_Input material:_

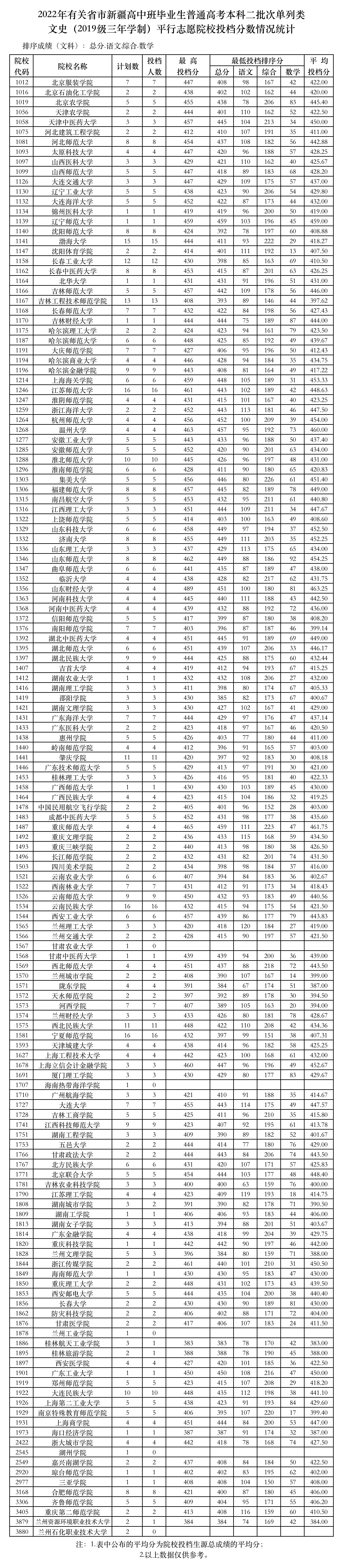 2022年有关省市新疆高中班毕业生普通高等学校招生录取生源情况统计表-单列类文史2019级三年学制本科二批次
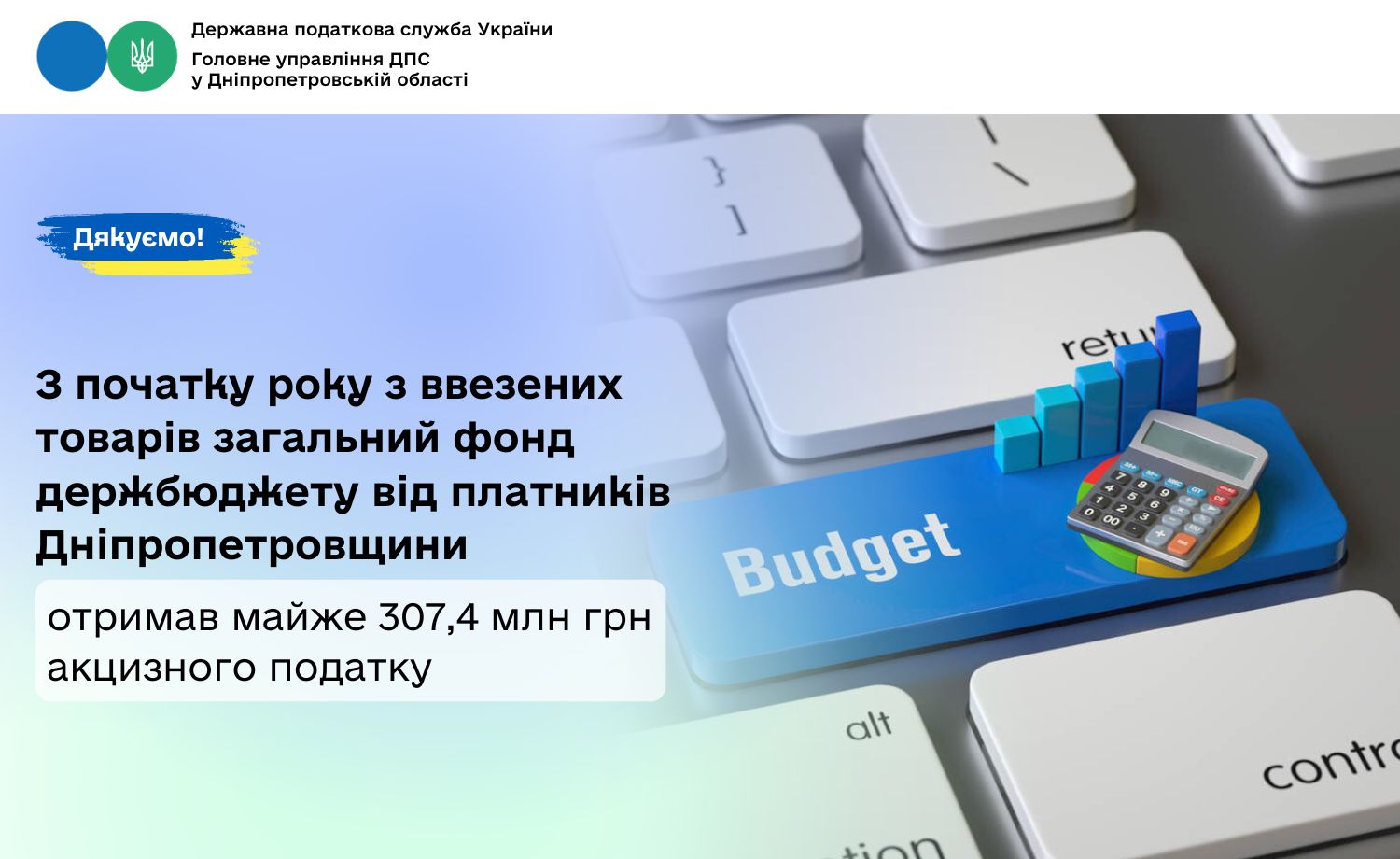 Протягом одинадцяти місяців 2025 року до загального фонду державного бюджету від платників Дніпропетровщини з ввезених товарів надійшло майже 307,4 млн грн акцизного податку. Як зазначив очільник Головного управління ДПС у Дніпропетровській Юрій Павлютін, надходження зросли на понад 83,8 млн грн, або на 37,5 відс., у порівнянні з січнем – листопадом минулого року.
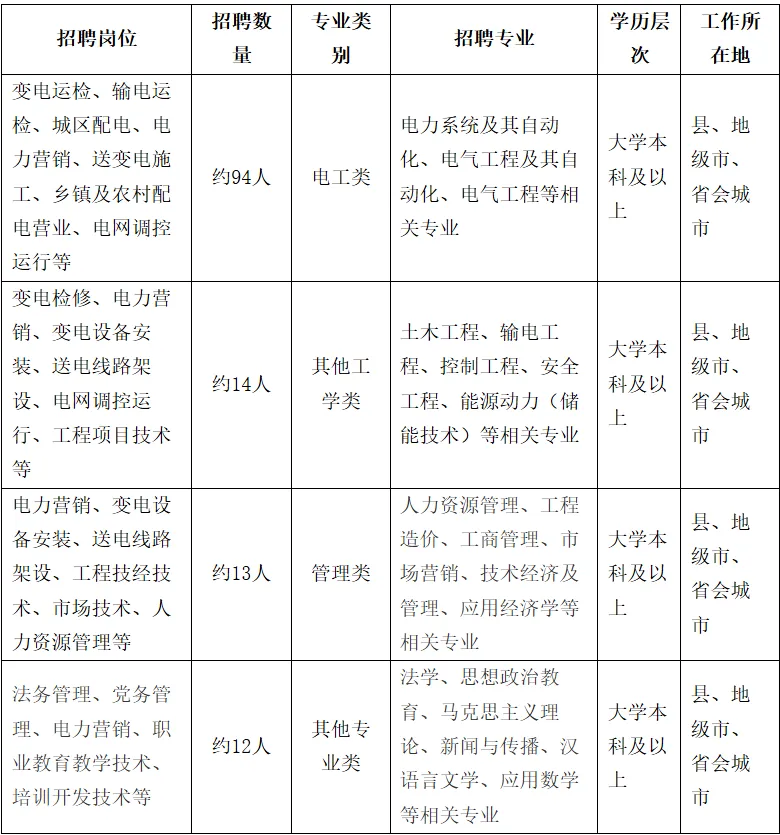 根据国家电网有限公司统一安排,国网山西省电力有限公司2026年第二批高校毕业生招聘主要面向电工类、其他工学类、管理类、其他专业类大学本科及以上学历应届毕业生。
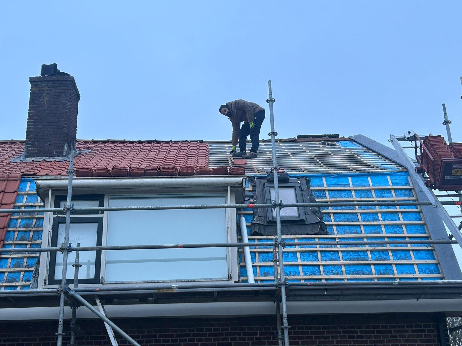 Bekijk Dienst →Vakkundige installatie van nieuwe dakbedekking met hoogwaardige materialen.
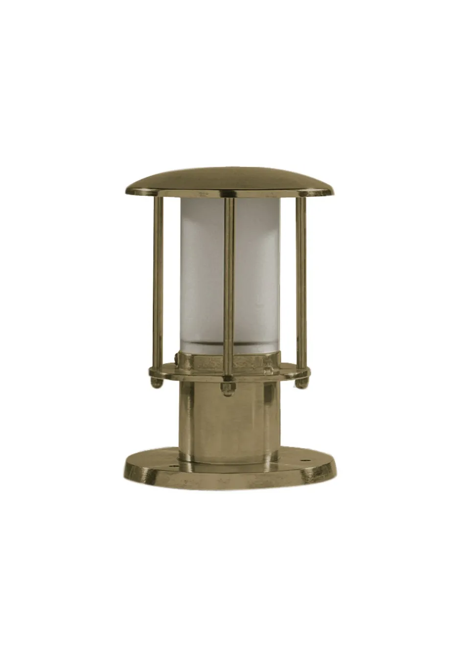 Die elegante Sockelleuchte aus massivem Messing und satiniertem Glas sorgt für eine großzügige Beleuchtung nach allen Seiten und erhellt Wege, Terrasse und Garten: für mehr Sicherheit auf dem Grundstück
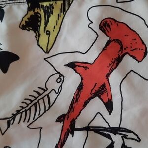 Old Navy size large 10 12 shark print swim boardshorts. Has mesh liner inside. Very good pre-owned condition. Smoke free pet friendly home. Please see pictures for measurements. Boardshorts shark print swim 10 12 large Old Navy
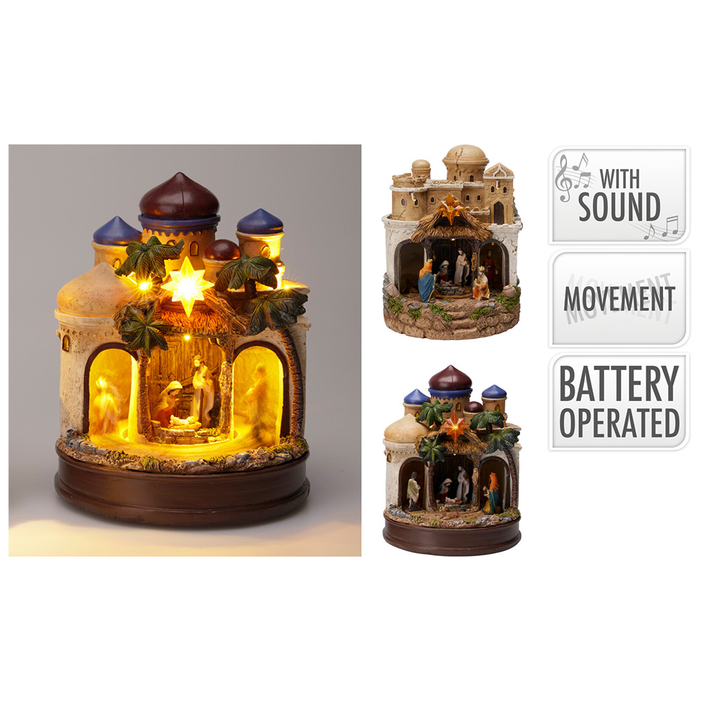 Popis k výrobku: Betlém s LED světlem, otočným pozadím a zvukem 22 cm (2 varianty /cena za 1 ks)
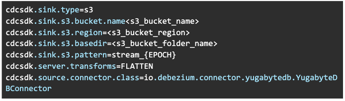 For starters, configure the CDCSDK server to work with the S3 sink. Below is a sample configuration:
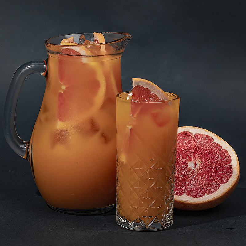 сок грейпфрут, пюре манго, сахар, лимон, содовая
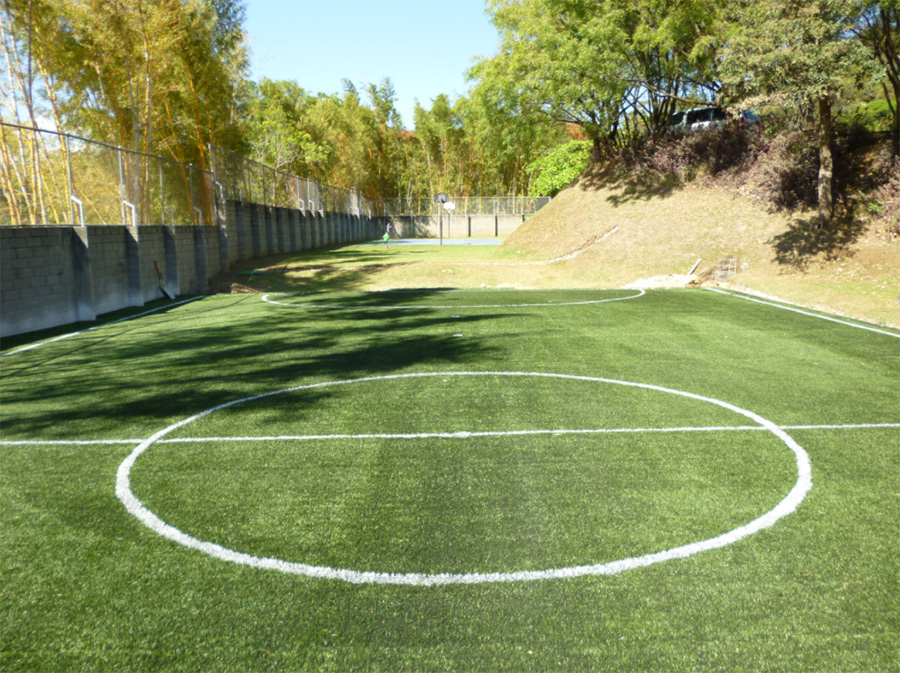Las amenidades de Villa Real incluyen seguridad 24/7, casa club, 3 piscinas, gimnasio, canchas de tenis, cancha de fútbol, área de juego y senderos para caminar.

_What you need to do:_
Each entry should be set down exactly, pictures excluded.

_Exercise result:_
 2022年有关省市新疆高中班毕业生普通高等学校招生录取生源情况统计表-单列类文史2019级三年学制本科二批次
 Протягом одинадцяти місяців 2025 року до загального фонду державного бюджету від платників Дніпропетровщини з ввезених товарів надійшло майже 307,4 млн грн акцизного податку. Як зазначив очільник Головного управління ДПС у Дніпропетровській Юрій Павлютін, надходження зросли на понад 83,8 млн грн, або на 37,5 відс., у порівнянні з січнем – листопадом минулого року.
 根据国家电网有限公司统一安排,国网山西省电力有限公司2026年第二批高校毕业生招聘主要面向电工类、其他工学类、管理类、其他专业类大学本科及以上学历应届毕业生。
 Bekijk Dienst →Vakkundige installatie van nieuwe dakbedekking met hoogwaardige materialen.
 Die elegante Sockelleuchte aus massivem Messing und satiniertem Glas sorgt für eine großzügige Beleuchtung nach allen Seiten und erhellt Wege, Terrasse und Garten: für mehr Sicherheit auf dem Grundstück
 Old Navy size large 10 12 shark print swim boardshorts. Has mesh liner inside. Very good pre-owned condition. Smoke free pet friendly home. Please see pictures for measurements. Boardshorts shark print swim 10 12 large Old Navy
 Popis k výrobku: Betlém s LED světlem, otočným pozadím a zvukem 22 cm (2 varianty /cena za 1 ks)
 For starters, configure the CDCSDK server to work with the S3 sink. Below is a sample configuration:
 сок грейпфрут, пюре манго, сахар, лимон, содовая
Las amenidades de Villa Real incluyen seguridad 24/7, casa club, 3 piscinas, gimnasio, canchas de tenis, cancha de fútbol, área de juego y senderos para caminar.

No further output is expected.